Exercise 14
Linear Regression
Linear regression is an approach whereby we can model the relationship between one dependent variable \(Y\) and \(m\) independent variables \(X_{j}\) where \(j=1:m\). When \(j=1\) this is called simple linear regression. When \(j>1\) this is called multiple regression.
The independent variables \(X_{j}\) are sometimes called predictor variables. In the general linear modeling approach often used in fMRI analysis, for example, the predictor variables \(X_{j}\) might be a collection of different things, some of which are predictor variables (e.g. that code different aspects of the task that the subject is performing in the scanner), and some of which are so-called "nuisance variables" (like physiological noise, head motion parameters, etc).
Linear regression is called linear because the underlying model relating \(Y\) to \(X_{j}\) is linear:
\begin{equation} Y = \beta_{0} + \beta_{1}X_{1} + \beta_{2}X_{2} + ... + \beta_{3}X_{3} + \epsilon \end{equation}The \(\beta_{j}\) terms represent weights on each predictor variable. The \(\epsilon\) term represents random "noise" or variance that is not predicted by the model. It is typically assumed that \(\epsilon\) is normally distributed.
We also typically have many individual samples of the dependent variable \(Y\) and associated values for the dependent variables \(X\). If we have \(n\) cases, we can rewrite the equation with a subscript \(i\) denoting each sample, where \(i\) varies from \(1\) through \(n\):
\begin{equation} Y_{i} = \beta_{0} + \beta_{1}X_{i1} + \beta_{2}X_{i2} + ... + \beta_{3}X_{i3} + \epsilon_{i} \end{equation}We can rewrite this as a matrix equation:
\begin{equation} Y = X \beta + \epsilon \end{equation}Now \(Y\) is a matrix with \(n\) rows and \(1\) column, and \(X\) is a matrix with \(n\) rows and \(m+1\) columns. There is a trick here, which is that the first column of the \(X\) matrix is a column filled with \(1\). This is how we incorporate the \(\beta_{0}\) constant, that doesn't multiply an \(X_{j}\) independent variable. Essentially we are saying it is multiplied by \(1\). Finally, \(\beta\) will be a matrix with \(m+1\) rows and \(1\) column — in other words, a constant \(\beta_{0}\) and then one \(\beta_{j}\) for each independent variable \(X_{j}\). The values of \(\beta\) are the weights on the independent variables \(X\) that best predict the dependent variable \(Y\). The matrix multiplication is legal: \((n~1) = (n~[m+1])([m+1]~1)\)
Yay linear algebra
An estimate of the weights \(\hat{\beta_{j}}\) can be found using ordinary least squares estimation using the following matrix equation (take my word for it, for now, or you can find proofs on the internet):
\begin{equation} \hat{\beta} = \left( X^{\top}X \right)^{-1} X^{\top} Y \end{equation}where \(X^{\top}\) denotes matrix transpose, \(X^{-1}\) denotes matrix inverse, and \(XY\) denotes matrix multiplication. If your matrix algebra is shaky, find a classmate who is on more solid ground (or come and talk to me).
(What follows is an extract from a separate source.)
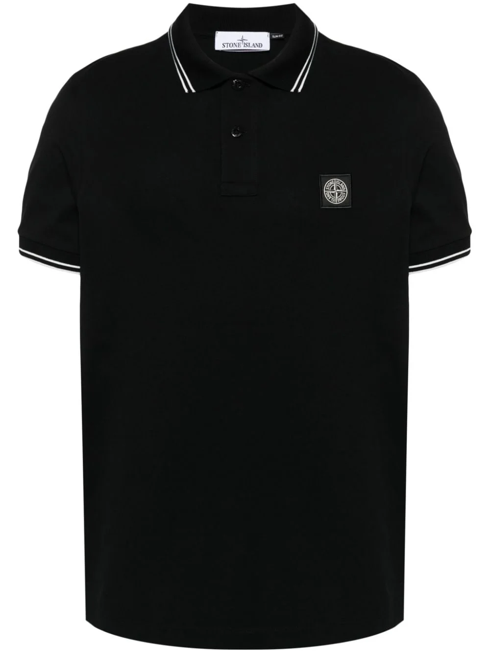 Compass-badge pique polo shirt Highlights - Black - Stretch-cotton - Pique weave - Signature compass motif - Polo collar - Front button placket - Short sleeves - Ribbed cuffs - Straight hem Made in Italy Composition Cotton 95%, Elastane 5% SIZE & FIT Model measurements Height 6 ft 0 in(1.84 m) Bust/Chest 35.82 in(91 cm) Hips 37 in(94 cm) Waist 28.34 in(72 cm) Measurement CHEST 38.97 in(99 cm) FittingInformation Designed for a slim fit, this polo shirt offers a comfortable fit that sits just away from the body Made from a midweight stretch fabric, this piece offers elasticity and flexibility when worn Washing instructions Machine Wash

Briefly, in ordinary least squares, the values of \(\hat{\beta}\) are found that minimize the sum of squared differences between the actual dependent variable \(Y\) and the predicted values \(\hat{Y}\) given the linear model.
with some data
Here are some example data:
Income ($) | Age (years) | Education (years) |
---|---|---|
50000 | 35 | 4 |
35000 | 40 | 2 |
80000 | 45 | 6 |
25000 | 25 | 0 |
90000 | 70 | 4 |
75000 | 55 | 6 |
65000 | 50 | 4 |
95000 | 60 | 6 |
70000 | 45 | 8 |
110000 | 50 | 8 |
Your task is to estimate a linear model that relates Age and Eduction to Income. So your dependent variable \(Y\) is Income and your two dependent variables \(X_{1}\) and \(X_{2}\) are Age and Education.
more hints
Our \(X\) matrix will be \(10\) rows and \(3\) columns. The first column will be filled with \(1\). The second column will be the Age data and the third column will be the Education data. Our \(Y\) matrix will be \(10\) rows and \(1\) column and will contain the Income data. Our task now is to estimate the weights \(\beta\) that when multiplied by \(X\) will best predict \(Y\). The \(\beta\) matrix will be \(3\) rows and \(1\) column.
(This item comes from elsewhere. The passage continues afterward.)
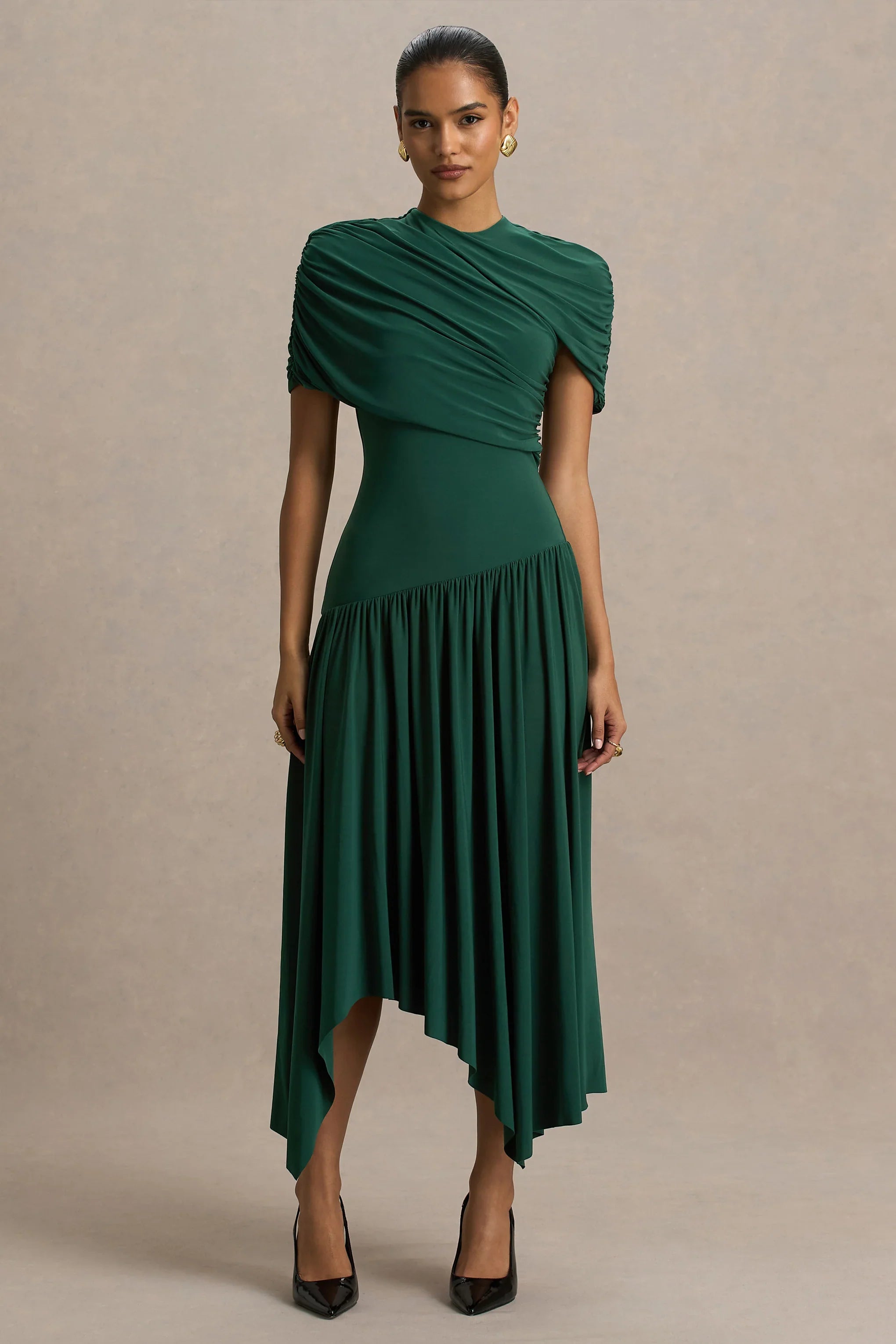 Striking yet effortless, Ione is designed to make an entrance. Crafted from our premium teal stretch jersey, this midi dress flows beautifully while sculpting the figure in all the right places. The refined high neckline and short cape sleeves create a dramatic silhouette, enhanced by gathered detailing and an asymmetric waistline that flatters from all angles. Finished with a hanky hemline, Ione moves with elegance, ensuring you captivate from every angle.

Note that there are built-in functions to estimate linear models, but I don't want you to use them here. I want you to program this from scratch.
Your two tasks are:
- estimate weights \(\beta_{0}\), \(\beta_{1}\) and \(\beta_{2}\), and
- generate predicted values of Income
linear algebra refresher
The Khan Academy has a series of matrix tutorials that might be useful if you need a refresher.